• **Supplied material**:
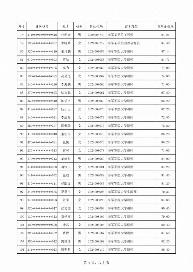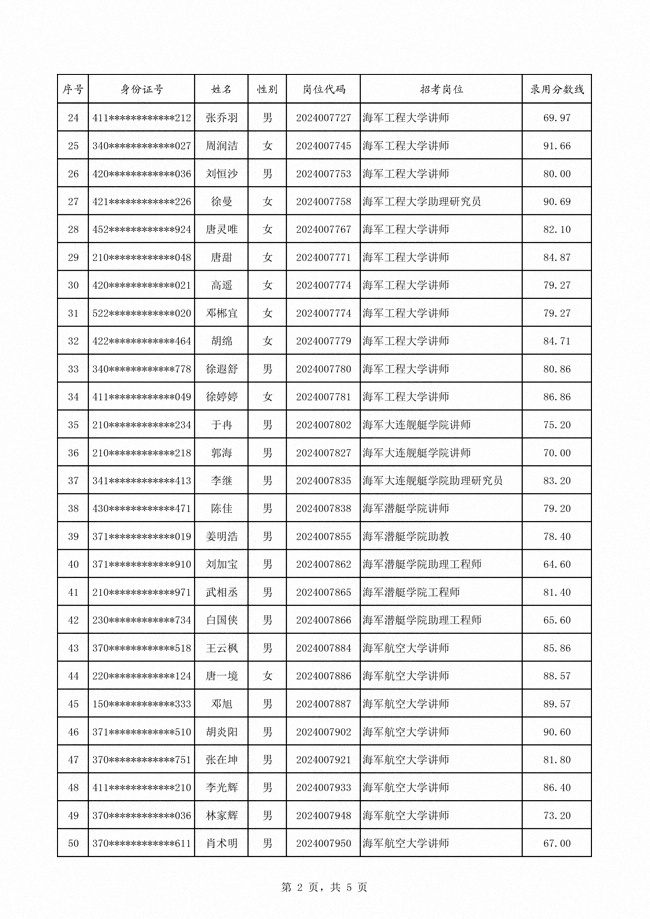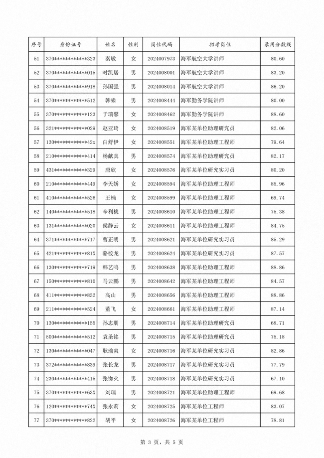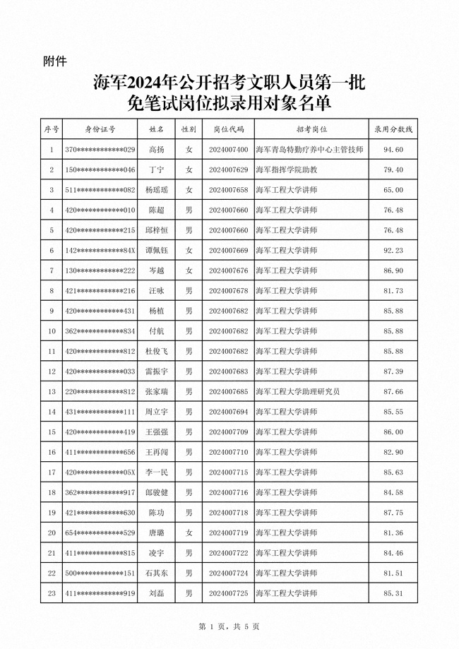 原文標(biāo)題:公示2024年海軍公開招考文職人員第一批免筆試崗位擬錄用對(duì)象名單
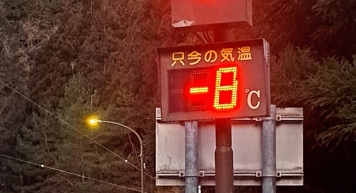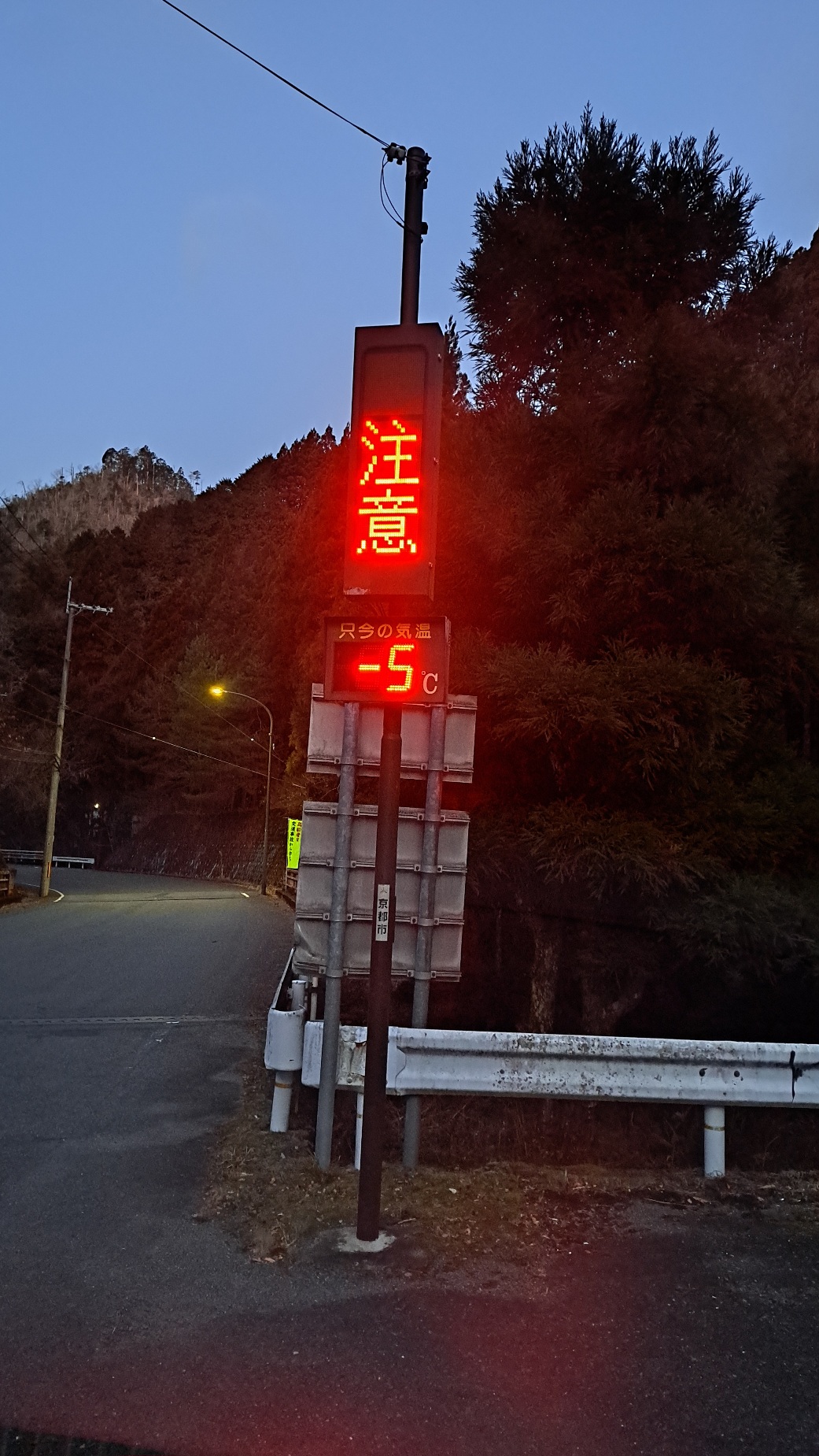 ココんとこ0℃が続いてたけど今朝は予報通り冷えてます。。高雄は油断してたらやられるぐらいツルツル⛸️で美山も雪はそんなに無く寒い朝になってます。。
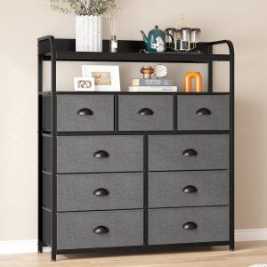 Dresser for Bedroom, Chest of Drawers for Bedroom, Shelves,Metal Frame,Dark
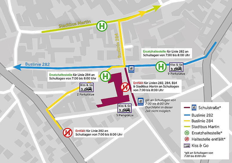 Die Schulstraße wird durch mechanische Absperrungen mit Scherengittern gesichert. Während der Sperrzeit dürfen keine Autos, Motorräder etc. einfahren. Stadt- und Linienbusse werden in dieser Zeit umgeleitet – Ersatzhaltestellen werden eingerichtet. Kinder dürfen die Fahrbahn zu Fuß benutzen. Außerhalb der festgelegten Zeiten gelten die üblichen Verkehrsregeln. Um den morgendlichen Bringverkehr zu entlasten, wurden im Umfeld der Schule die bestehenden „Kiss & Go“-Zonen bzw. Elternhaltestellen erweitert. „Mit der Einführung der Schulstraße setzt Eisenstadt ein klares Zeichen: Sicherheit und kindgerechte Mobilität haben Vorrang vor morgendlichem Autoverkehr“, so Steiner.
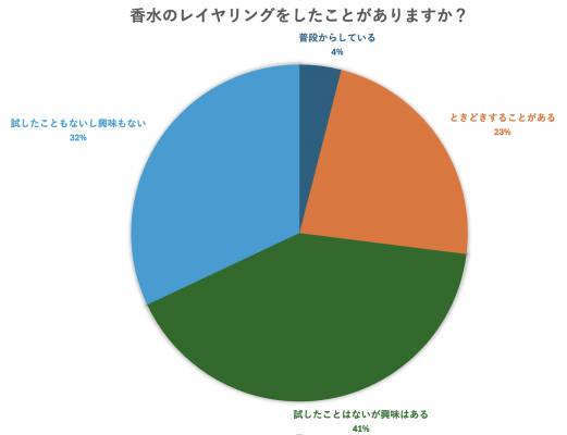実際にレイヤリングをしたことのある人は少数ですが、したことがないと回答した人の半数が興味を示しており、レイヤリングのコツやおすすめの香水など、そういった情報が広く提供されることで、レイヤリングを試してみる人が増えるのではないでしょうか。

• **Problem statement**:
Output exactly the stretch of the listing that begins at the line containing "ココんとこ0℃が続いてたけど" and ends at the line containing "Dresser for Bedroom, Chest", both kept. Omit pictures and everything else.

• **Result**:
 ココんとこ0℃が続いてたけど今朝は予報通り冷えてます。。高雄は油断してたらやられるぐらいツルツル⛸️で美山も雪はそんなに無く寒い朝になってます。。
 Dresser for Bedroom, Chest of Drawers for Bedroom, Shelves,Metal Frame,Dark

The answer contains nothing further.